The Troublemaker
1951

1953
Director
Gilberto Martínez Solares
Runtime
90 minutes
Average Rating
No ratings yetSynopsis
Mrs. Nínive Cánovas Cannesi (Marshall) comes back from a long tour visiting Europe and not even realizes that her house is being inhabited by two jobless and homeless bandits (Tin Tán and Tun Tún) with master keys who had been living there worry free. They all share the house for a period of time, unknowingly to each other, in a series of well crafted and perfectly timed scenes where Catita and Tin Tán can be in the same room without seeing each other... When Tin Tán notices her presence, poses as the help, intercepting the real employees and sending to the north pole, literally. So now that Catita has them at her service, she can take time for her real goal, the foundation of a House for old people so they can live happy until the day they die, but Tin Tán and Tun Tún keep getting in her way and complicating everything...
Overall Score
Limited
Category Breakdown
LGBTQ+ Representation
The film adheres to conventional mid-century comedic tropes. It focuses on heterosexual courtship and lacks any representation of non-cisnormative identities.
Gender Representation
Nínive displays agency through her philanthropic goals. However, the comedy relies on disrupting domestic order and follows traditional 1950s gendered social expectations.
Racial & Ethnic Diversity
The film features a predominantly Mexican cast, centering a non-Anglo-Saxon narrative. Tin Tan provides a culturally iconic presence of Mexican identity.

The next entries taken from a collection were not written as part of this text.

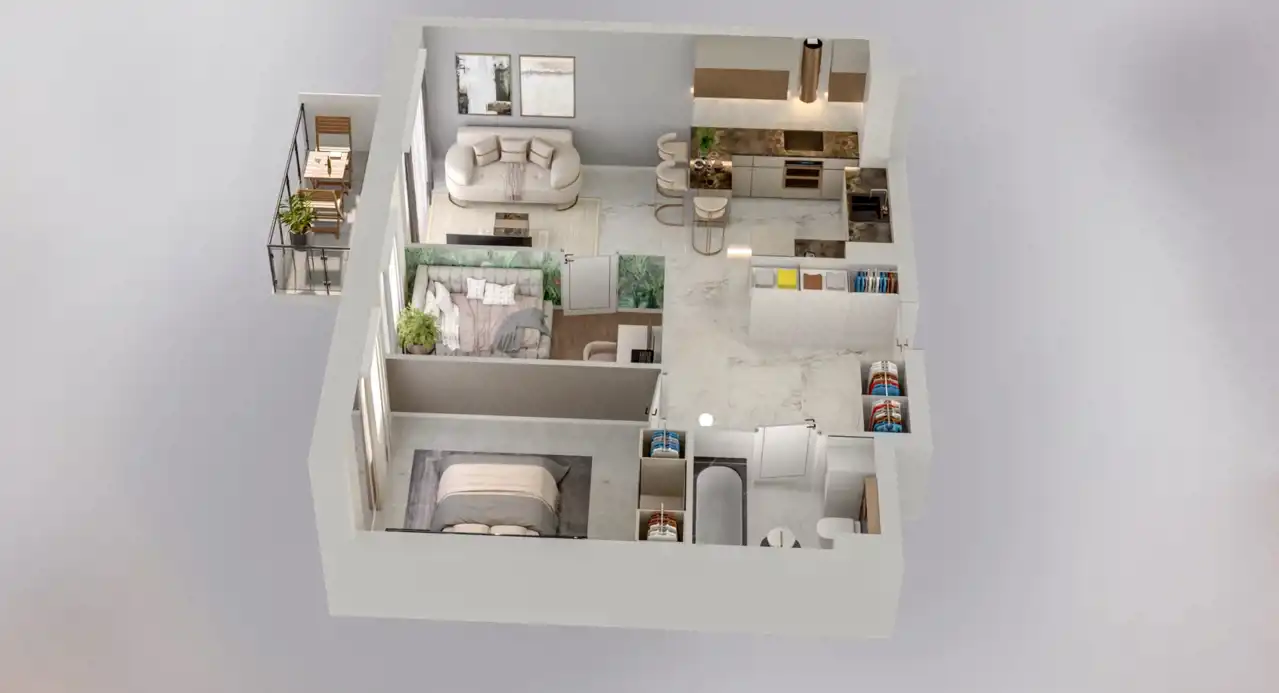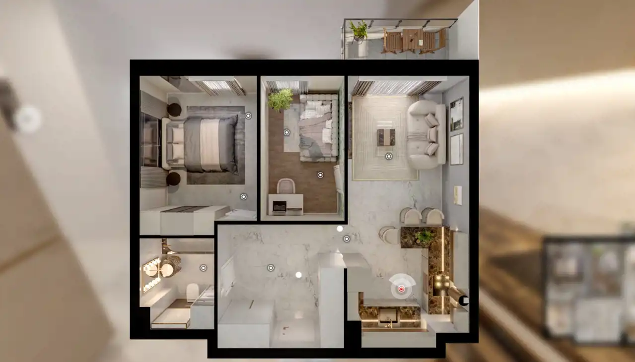 Mieszkanie przystosowane jest do systemu Smart Home, który umożliwia sterowanie: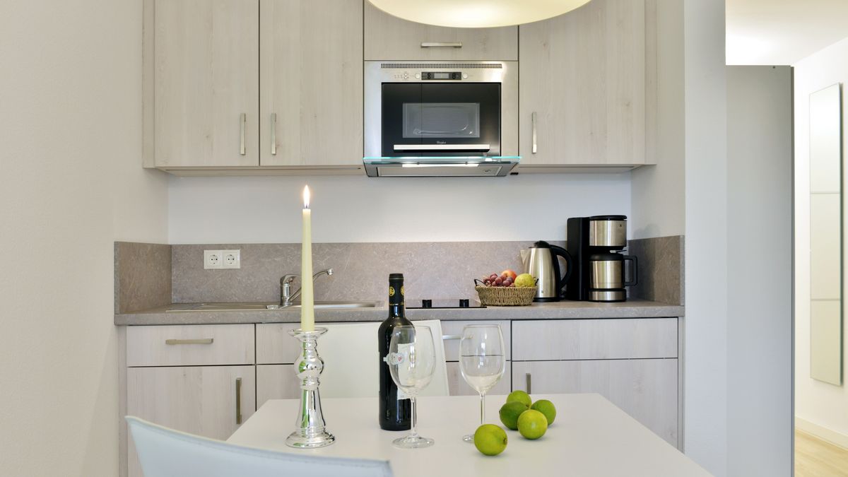 Unsere helle und moderne Ferienwohnung "Meerstern" im ersten Obergeschoss des Gebäudes mit zwei Schlafzimmern ist optimal geeignet für bis zu 4 Personen. Die Wohnung ist im gehobenem, modernen Standard eingerichtet. In den Wohnbereich ist eine Einbauküche mit Kühlschrank, Geschirrspüler, Backofen, Kaffeemaschine, Wasserkocher, Toaster, Geschirr und Besteck etc. integriert. Das Badezimmer ist mit einer Dusche ausgestattet. Im Domizil "Meerstern" befindet sich außerdem eine Waschmaschine. In der Tiefgarage steht ein Parkplatz zur Verfügung.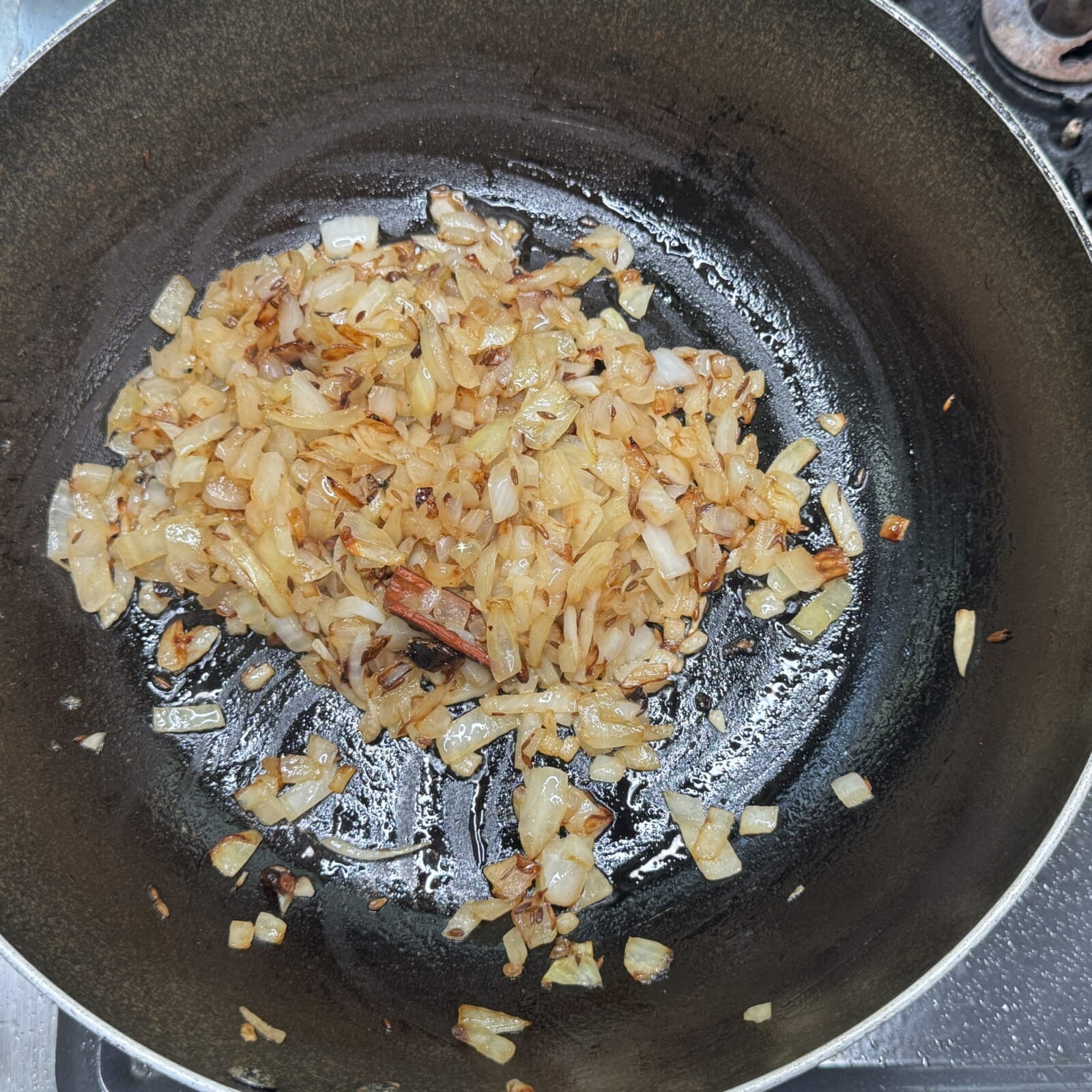 温めたフライパンに油を熱しスパイスAを加え香りが立ってきたら玉ねぎを飴色になるまで炒める。 |

Religious & Cultural Diversity
Socioeconomic tensions are explored through class-based comedy. The plot uses philanthropy and communal morality as central themes within its cultural context.
Disability Representation
There is no discernible representation of visible or invisible disabilities. Characters function within standard physical and neurotypical comedic archetypes.
Strengths
Areas for Improvement
AI Analysis
Dios los cría is a quintessential example of mid-century Mexican genre cinema. It provides a culturally specific perspective that avoids the homogeneity of Hollywood productions from the same era. While the film offers a non-Western narrative, it remains tethered to the traditional social hierarchies of the 1950s. The storytelling prioritizes established comedic archetypes over the deconstruction of systemic power dynamics. Ultimately, the work functions as a standard domestic comedy. It operates within the established social norms of its time rather than seeking to subvert them.